- [WHAT THE TASK REQUIRES]: Starting with the line in which "Grand mosque illuminated" appears, give back every line exactly as written until the listing ends, excluding pictures.

- [MATERIAL PROVIDED]:
+---+

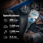 The Capri Tools Palm Air Impact Wrench is a game-changer in the world of power tools. Designed for both professionals and DIY enthusiasts, this compact powerhouse offers unmatched convenience and efficiency in tightening and loosening bolts and nuts in confined spaces. It has an ultra-compact form factor, just 3.34 in. deep and 2.55 in. wide with a compact 5.5″ length. This allows you to easily reach those hidden bolts most impact wrenches can’t go. combines the power of the Ultra-short Twin Hammer and Patented Dual Cylinder Motor. These two cutting-edge technologies to deliver unbeatable performance and efficiency. It packs a 405 ft. lbs. of maximum reverse torque and 333 ft. lbs. of forward torque, twice powerful than other air angle impact wrenches. One hand operation with large forward/reverse thumb dial. It operates quietly at 91.1 dBA and with low air consumption at only 3.4 CFM at 90 PSI. Weighs only 2.42 lbs. Comes with 1/4 in. NPT air inlet. Our Impact Wrenches are backed by a 2 year warranty.
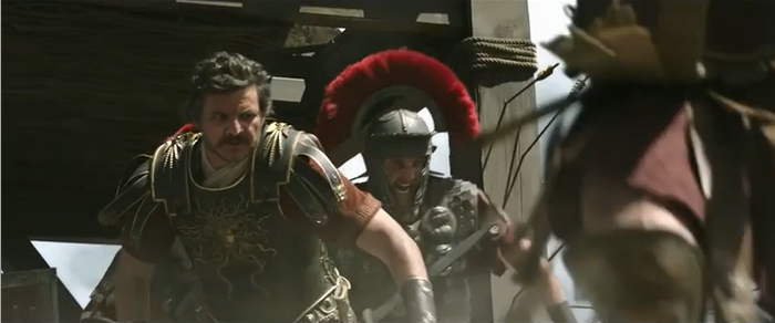 Тогда генерал Марк Акаций, лично, ударом кувалды по механизму, опускает мост. После этого, командующий войсками, в первых рядах бежит в атаку, выкашивая защитников города целыми пачками. Кто то скажет, что то же самое было в первом фильме, где генерал Максимус вел конницу в атаку лично.
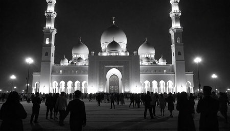 Grand mosque illuminated at night with crowd of people
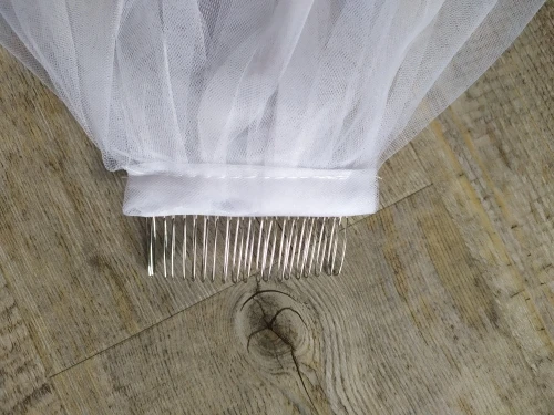 Фата отличная. За 240 рублей, просто супер. В магазинах за такую же отдала бы в 3 раза больше . Но мне показалась что не в ту стороны гребень . Пришла быстро. Нитки не торчат. Все супер
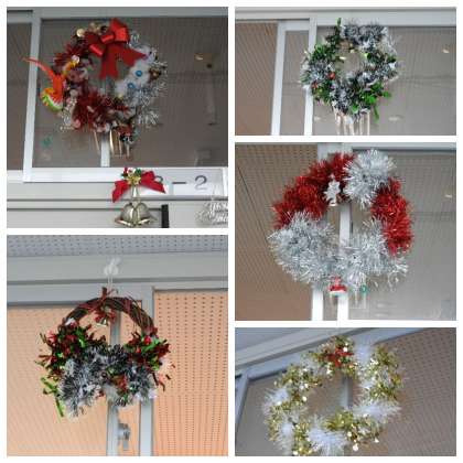 各学級、文化委員の人たちがクリスマスリースを作成してくれました。
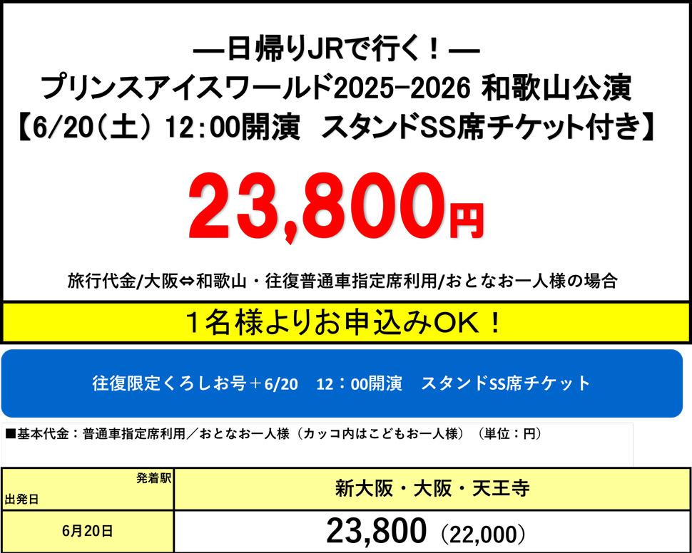 ★プリンスアイスワールド和歌山公演のチケット+関西発往復JRがセットになった日帰りプランです。

+---+

- [EXPECTED ANSWER]:
 Grand mosque illuminated at night with crowd of people
 Фата отличная. За 240 рублей, просто супер. В магазинах за такую же отдала бы в 3 раза больше . Но мне показалась что не в ту стороны гребень . Пришла быстро. Нитки не торчат. Все супер
 各学級、文化委員の人たちがクリスマスリースを作成してくれました。
 ★プリンスアイスワールド和歌山公演のチケット+関西発往復JRがセットになった日帰りプランです。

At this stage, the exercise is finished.